On Mon, Mar 17, 2008 at 11:22 AM, Kon Lovett <[EMAIL PROTECTED]> wrote:
> Summary: I want a byte-string API. I want string integrations. I want
>  global UTF8 strings.

The Factor language borrowed from Larceny a clever mechanism for
representing Unicode strings efficiently. Perhaps such a system is
feasible for Chicken, and might eliminate some of these issues (at the
cost of distancing our string type a bit more from C char arrays):

http://factor-language.blogspot.com/2008_01_01_archive.html

"The new representation is quite clever, and comes from Larceny
Scheme.
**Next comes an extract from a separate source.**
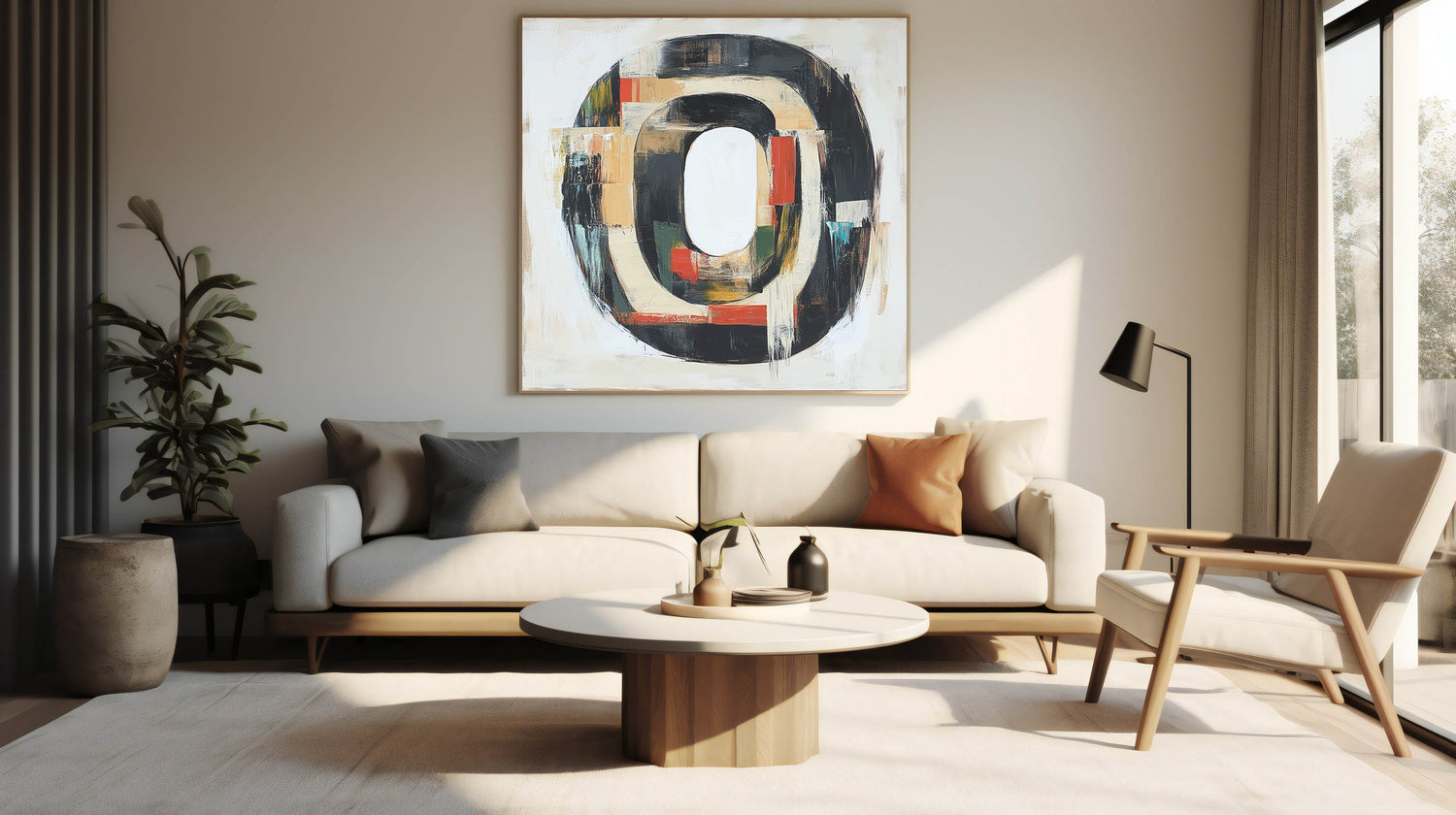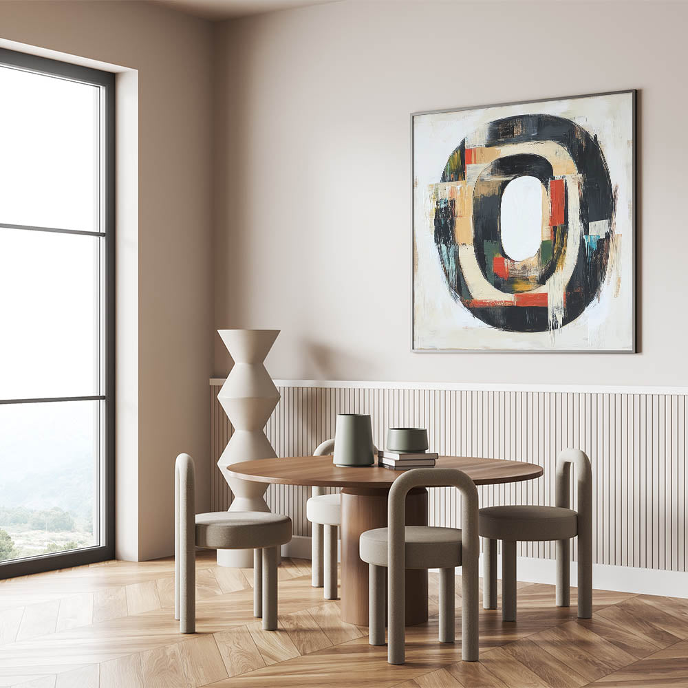 Elevate your space with this Abstract Expressionist Art for Home Decor, blending geometric balance with artistic expression. This Original Abstract Expressionist Painting features a structured circular design in black, beige, red, and green, creating a bold yet sophisticated statement piece. The Expressionist Canvas Wall Art combines textured brushstrokes with neutral and warm tones, perfect for contemporary interiors.

The idea is that strings are ASCII strings, but have an extra
slot pointing to an 'auxiliary vector'. If no auxiliary vector is set,
the nth character of the string is just the nth byte. If an auxiliary
vector is set, then the nth character has the nth byte as the least
significant 8 bits, and the most significant 13 bits come from the nth
double-byte in the auxiliary vector. Storing a non-ASCII character
into the string creates an auxiliary vector if necessary. This reduces
space usage for ASCII strings, it can represent every Unicode code
point, and for strings with high code points in them, it still uses
less space than the other alternative, UTF-32."

So, a byte string would simply be a string with a null auxilliary vector.